TASK STATEMENT:
Repeat exactly the lines of the records below, starting at the line containing "新4号バイパス利根川大橋の北" and ending at the line containing "Les modèles hybrides". Leave the pictures out.

SOURCE MATERIAL:

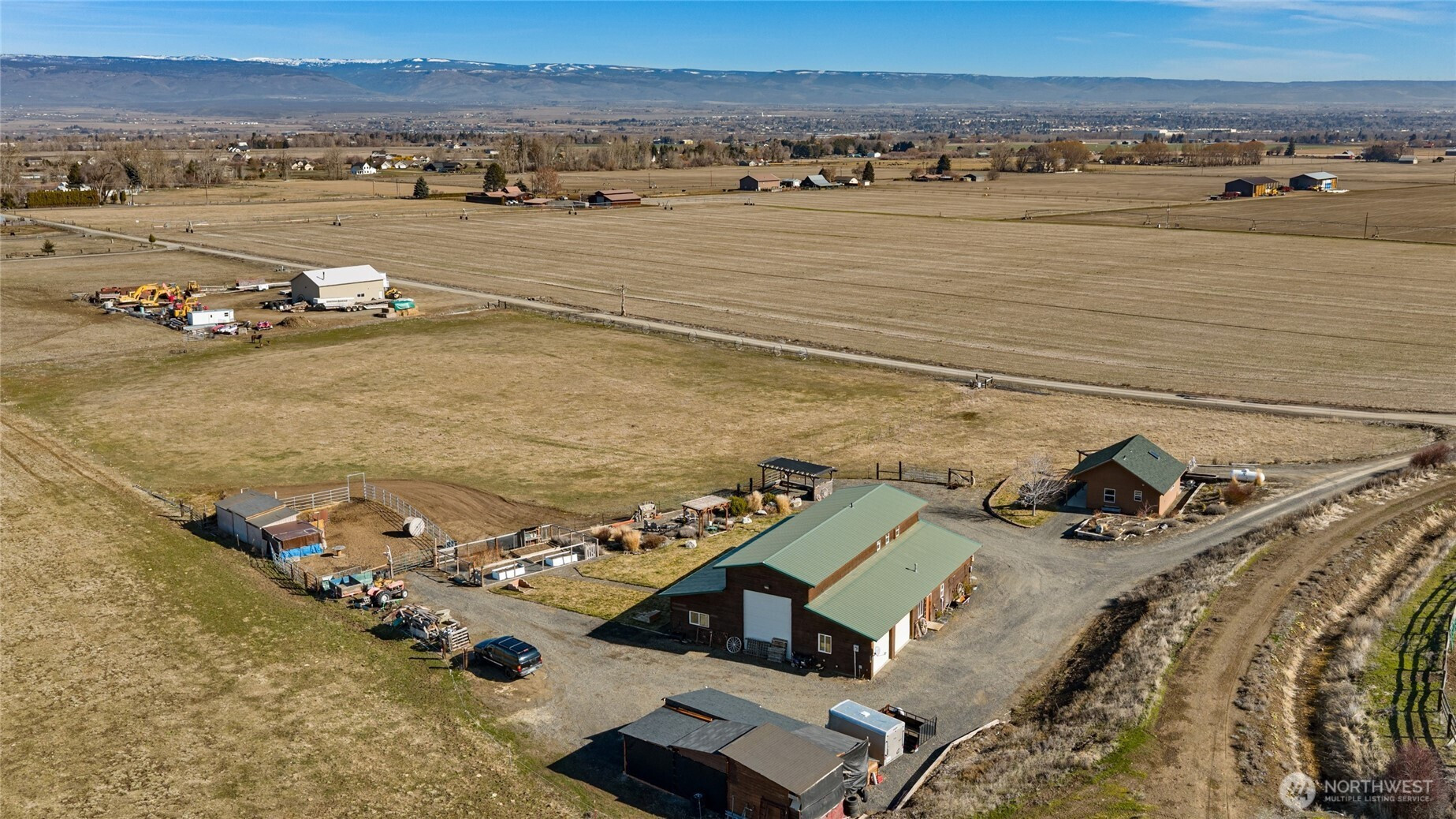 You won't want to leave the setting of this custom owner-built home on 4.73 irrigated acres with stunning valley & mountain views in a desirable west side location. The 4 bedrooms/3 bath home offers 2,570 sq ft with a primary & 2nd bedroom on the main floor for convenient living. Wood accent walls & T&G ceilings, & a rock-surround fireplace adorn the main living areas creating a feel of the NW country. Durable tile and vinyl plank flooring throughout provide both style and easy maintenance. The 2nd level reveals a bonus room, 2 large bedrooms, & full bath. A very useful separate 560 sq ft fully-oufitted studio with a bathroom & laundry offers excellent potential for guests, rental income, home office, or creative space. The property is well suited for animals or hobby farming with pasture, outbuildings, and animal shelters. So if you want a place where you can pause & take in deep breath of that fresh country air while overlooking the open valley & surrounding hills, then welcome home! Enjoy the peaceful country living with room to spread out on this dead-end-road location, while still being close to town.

==

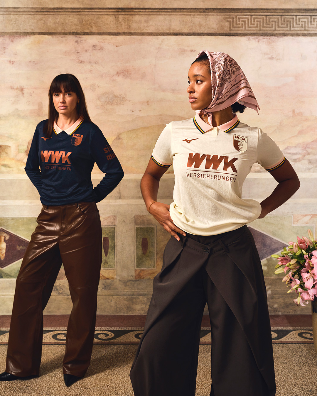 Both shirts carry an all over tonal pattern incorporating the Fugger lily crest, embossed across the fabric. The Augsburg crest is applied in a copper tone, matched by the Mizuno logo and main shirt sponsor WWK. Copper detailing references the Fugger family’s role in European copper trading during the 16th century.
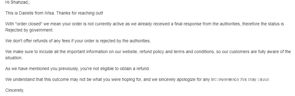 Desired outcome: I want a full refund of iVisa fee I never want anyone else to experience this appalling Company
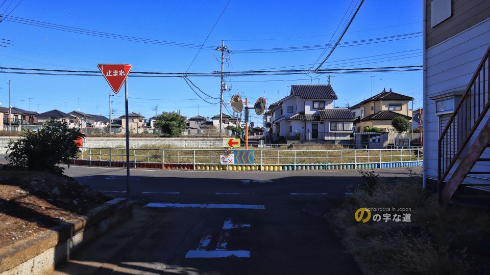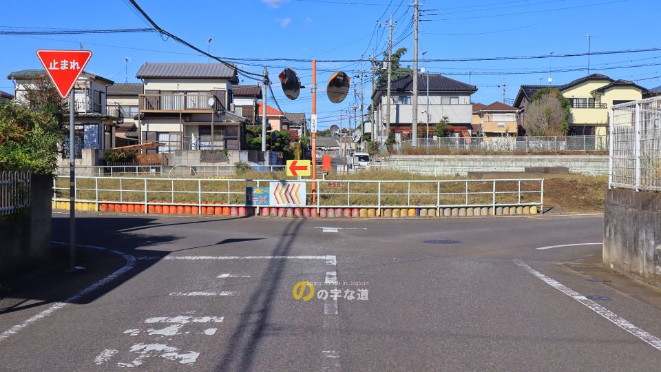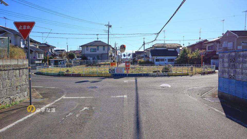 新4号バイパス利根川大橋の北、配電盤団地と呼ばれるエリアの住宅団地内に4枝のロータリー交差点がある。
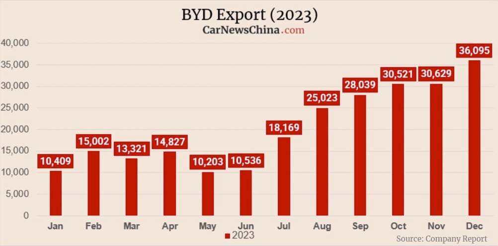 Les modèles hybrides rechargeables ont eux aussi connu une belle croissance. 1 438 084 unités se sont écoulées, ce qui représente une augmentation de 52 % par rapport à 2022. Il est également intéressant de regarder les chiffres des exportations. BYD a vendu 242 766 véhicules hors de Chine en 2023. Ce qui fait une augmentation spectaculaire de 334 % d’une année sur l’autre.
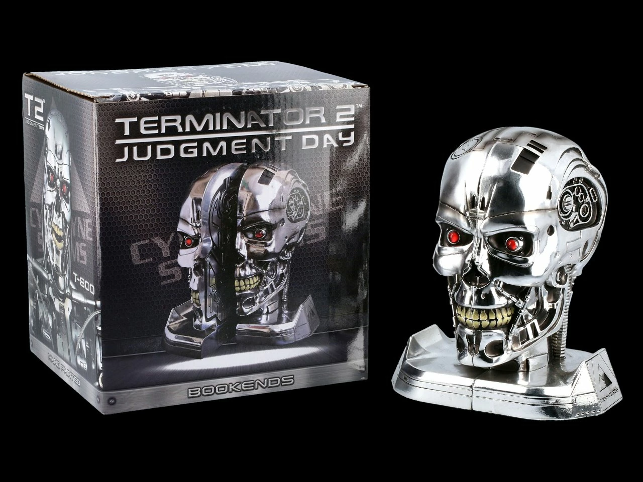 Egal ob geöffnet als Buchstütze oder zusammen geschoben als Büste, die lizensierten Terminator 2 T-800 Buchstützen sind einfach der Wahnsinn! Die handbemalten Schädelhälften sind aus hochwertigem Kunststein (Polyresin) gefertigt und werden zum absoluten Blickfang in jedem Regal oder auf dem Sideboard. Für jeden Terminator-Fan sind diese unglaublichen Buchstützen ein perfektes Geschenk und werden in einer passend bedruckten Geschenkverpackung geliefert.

THE COMPLETED TASK:
 新4号バイパス利根川大橋の北、配電盤団地と呼ばれるエリアの住宅団地内に4枝のロータリー交差点がある。
 Les modèles hybrides rechargeables ont eux aussi connu une belle croissance. 1 438 084 unités se sont écoulées, ce qui représente une augmentation de 52 % par rapport à 2022. Il est également intéressant de regarder les chiffres des exportations. BYD a vendu 242 766 véhicules hors de Chine en 2023. Ce qui fait une augmentation spectaculaire de 334 % d’une année sur l’autre.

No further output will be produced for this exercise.